问题:

Which tools would you recommend to look into for semantic analysis of text?

Here is my problem: I have a corpus of words (keywords, tags).

I need to process sentences, input by users and find if they are semantically close to words in the corpus that I have.

Any kind of suggestions (books or actual toolkits / APIs) are very welcome.

Regards,

回答1:

Some useful links to begin with:

http://alias-i.com/lingpipe/demos/tutorial/sentiment/read-me.html
http://kmandcomputing.blogspot.com/2008/06/opinion-mining-with-rapidminer-quick.html
http://rapid-i.com/content/blogcategory/38/69/
http://www.cs.cornell.edu/People/pabo/movie-review-data/otherexperiments.html
http://wordnet.princeton.edu/

Tools/Libraries:

Open NLP
lingpipe

回答2:

If you consider your corpus as an ontology, Apache Stanbol - http://incubator.apache.org/stanbol/ - might be useful. It uses dbpedia as the default ontology while analyzing text.

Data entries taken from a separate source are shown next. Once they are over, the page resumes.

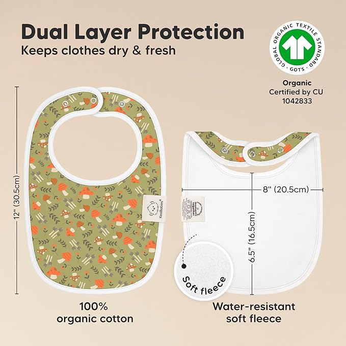 - Super Absorbent - Our organic baby boy and girl bibs are made with 100% organic cotton (GOTS-certified) and backed with water resistant fleece for added absorption. This dual layer design helps to keep your baby clean and fresh all day long. Suitable for newborns, infants, toddlers, heavy droolers and teething babies.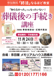 メモリアルハウス西橋本にて、葬儀後の手続き講座を無料で開催いたします。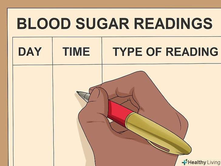 Подивіться і запишіть результат.- Деякі діабетичні глюкометри зберігають в пам'яті ваші показання. В інших же, вам доведеться записувати свої свідчення окремо. Переконайтеся, що ви звернули увагу на день, час і тип показань. Наприклад, ви робили пробу рано вранці? Це показання натщесерце. Якщо ви робили пробу через 2 години після їжі, то це 2-годинне післяобіднє показання.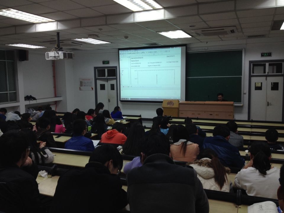 第一期活動涉及了研究生新生最關心的一些問題,同學們的熱情都比較高漲。吳俊同學首先給同學們介紹了文獻查閱技巧,看得出這些都是他在平時的學習過程中逐漸摸索掌握的,有多處常容易被忽略的小細節(jié)也進行了細致耐心的講解。隨后,他又向同學們介紹了作圖軟件origin、文獻管理工具endnote的一些使用技巧,對于這些化學專業(yè)常用的工具,無論巨細,他都為同學們做出了很好的介紹。最后,他著重為大家演示了作圖軟件origin的一些常用技巧,比如作圖、擬合、誤差棒等。在這個過程中,吳俊同學使用具體的數(shù)據(jù)實例一一為大家做出示范,原本預定一個小時結(jié)束的講解持續(xù)了近兩個小時。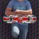 Monopatín ultra fresco de Union Jack que ofrece los fanáticos del fútbol británicos.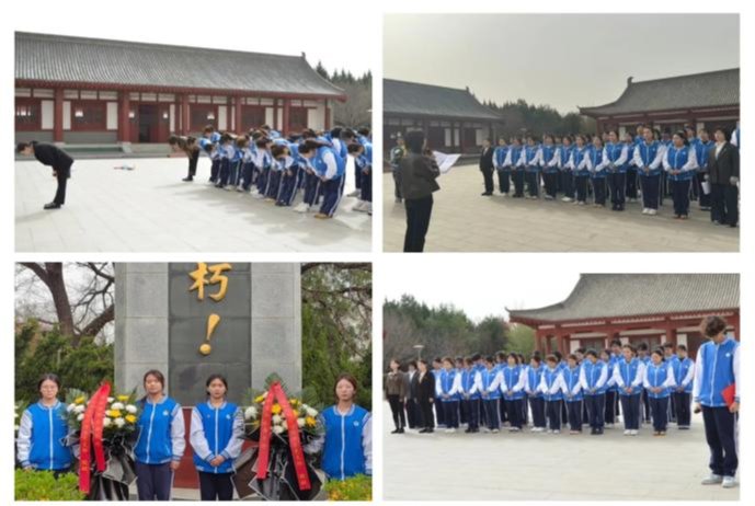 在庄严肃穆的烈士纪念碑前,全体师生整齐列队,向长眠地下的烈士英灵行鞠躬礼。学生科科长叶蕊诵读祭文,寄托了对先烈们的缅怀与敬仰。学生代表献上花篮,全体人员低头默哀,表达对革命先烈的感恩与深深怀念。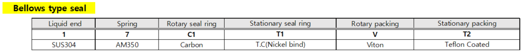 - Lip seal : 회전하는 shaft에 sealing을 목적으로 내화학성 및 내열성이 강하고 고속과 고압에도 뛰어난 PTFE 제질을 사용하여 압력, 고속, 진공에 적용되는 Seal로 자기윤활성으로 인하여 마찰계수가 낮고 내마모성이 뛰어나 Mechanical Seal 대체용으로 사용함.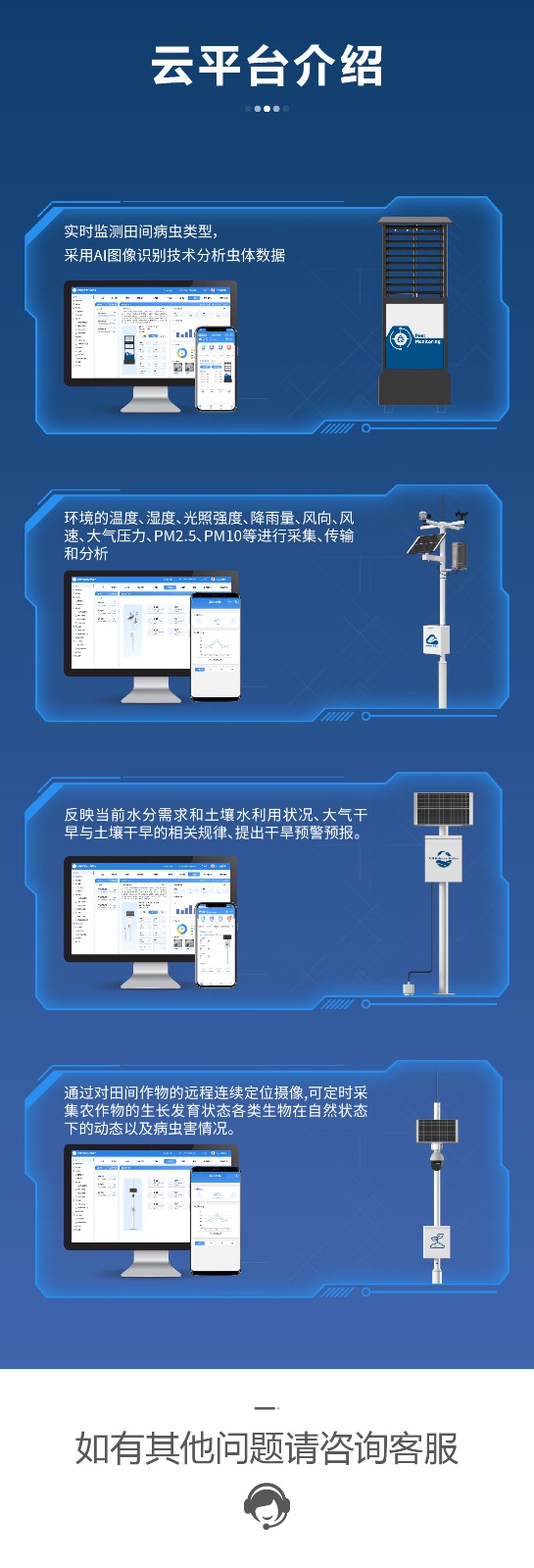 關(guān)鍵詞:四情監(jiān)測(cè)系統(tǒng)智慧農(nóng)業(yè)農(nóng)田監(jiān)測(cè)氣象蟲(chóng)情土壤墑情苗情免費(fèi)云平臺(tái),供應(yīng),現(xiàn)代農(nóng)業(yè)(智慧 數(shù)字 生態(tài))無(wú)人機(jī),檢測(cè)/傳感器/攝像頭/數(shù)據(jù)采集
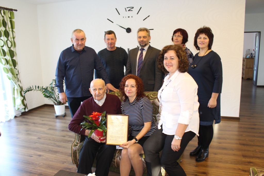 Šilutės rajono savivaldybės Socialinės paramos skyriaus vedėjas Alvidas Šimelionis, Juknaičių seniūnijos socialinio darbo organizatorė Vita Gečienė bei gausus būrys žurnalistų spalio 31-ąją vyko pasveikinti garbingo 90-ojo jubiliejaus sulaukusio juknaitiškio Antano Martinkaus.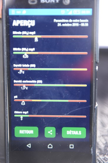 Entre deux pêches, je me permet de faire une analyse d'eau afin de vous donner les informations possibles sur le mud pond qui se trouve derrière cet éleveur, les valeurs sont les suivantes avec le Pro scan de JBL.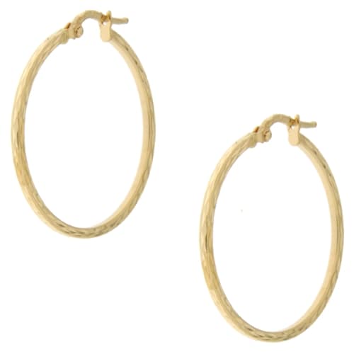 Orecchini Donna Oro Giallo GL100997 Orecchini a cerchio da donna in oro giallo 18 kt (750/00). Orecchini con lavorazione diamantata. Il diametro interno degli orecchini è di 2.60 cm. Lo spessore degli orecchini è di 0.20 cm. La chiusura degli orecchini è a baionetta. Il peso degli orecchini è di 2.00 grammi. Referenza: GL100997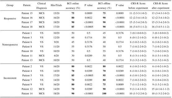 根据实验结果,将P15,P16,P17,P18认定为“有反应型”患者。他们在提出的BCI系统分类准确率及昏迷量表评估中(BCI交互实验之前)都有不错的结果。根据图三、图四得出,他们对于目标刺激和非目标刺激引发的脑电波区别明显,并且大多能检测到负向波MMN及正向波P300。其中一名患者P15虽然未检测到负向波,但是在BCI交互试验后的昏迷量表评估结果有所提升。其他人P16,P17,P18均无变动。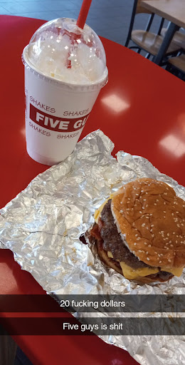 Read moreWent here for lunch, the place was pretty empty. Two other people dining in and one person waiting for a carry out. Three guys working inside, one on the grill, one on fries, and one had to come from the back to take my order. Placed my order quickly and waited roughly 15 minutes for my food. My burger was made incorrectly, the patty was way smaller than what I’m use to from 5Guys, and half of it was burnt and half of it was under cooked. This patty was the size a McDonald’s patty, seriously. The bun was soaked in what I assume is grease from the grill. The fries were soggy and didn’t taste fresh either. I’ve been eating 5Guys for years and this is the first time I’ve ever had a bad experience. The workers seemed more interested in cracking jokes with each other rather than paying attention and working. For example they placed the wrong order number on a dine in order and called the wrong number for at least 5 minutes before realizing they were calling the wrong number. I watched the worker take all the food out of the bag and place it in a new bag with the correct number. If you are wanting a good burger, do NOT go to this location especially during the week for lunch. I will drive a little further and go to the town center next time I want a...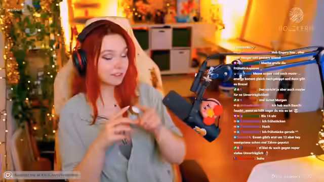 00:10:03Es wird ein neuer, hellerer Hintergrund durch eine Kameraumstellung vorgestellt, was die Notwendigkeit starker Beleuchtung reduziert. Es werden Zuschauer begrüßt und sich für Follows und Abonnements bedankt. Es wird über French Nails, ein Fotoshooting mit Luise und einen Ring von Holzkern gesprochen, wobei der neue Rabattcode 'Feli Kern' erwähnt wird. Die Motion Sickness Problematik bei schnellen Tag- und Nachtwechseln in Spielen wie Aloft wird thematisiert und die Unzufriedenheit darüber geäußert, dass man dies in manchen Spielen nicht deaktivieren kann. Es wird über eine Darmkur gesprochen, um Bauchbeschwerden zu reduzieren, und Erfahrungen mit Nahrungsmittelunverträglichkeiten ausgetauscht. Die Zuschauer werden nach ihrem Frühstück und ihrem Wohlbefinden befragt und es wird sich über die Gesundheit und die Notwendigkeit von Vitaminen und einer ausgewogenen Ernährung ausgetauscht.

Although it is incubating, enhancer component is good enough foe adoption. So, you can give it a try.

回答3:

You can try some WordNet similarity measurements. Ted Pedersen has a compilation of those metrics in WordNet::Similarity which you can experiment and look into. There are counterpart implementations in other languages (e.g. Java).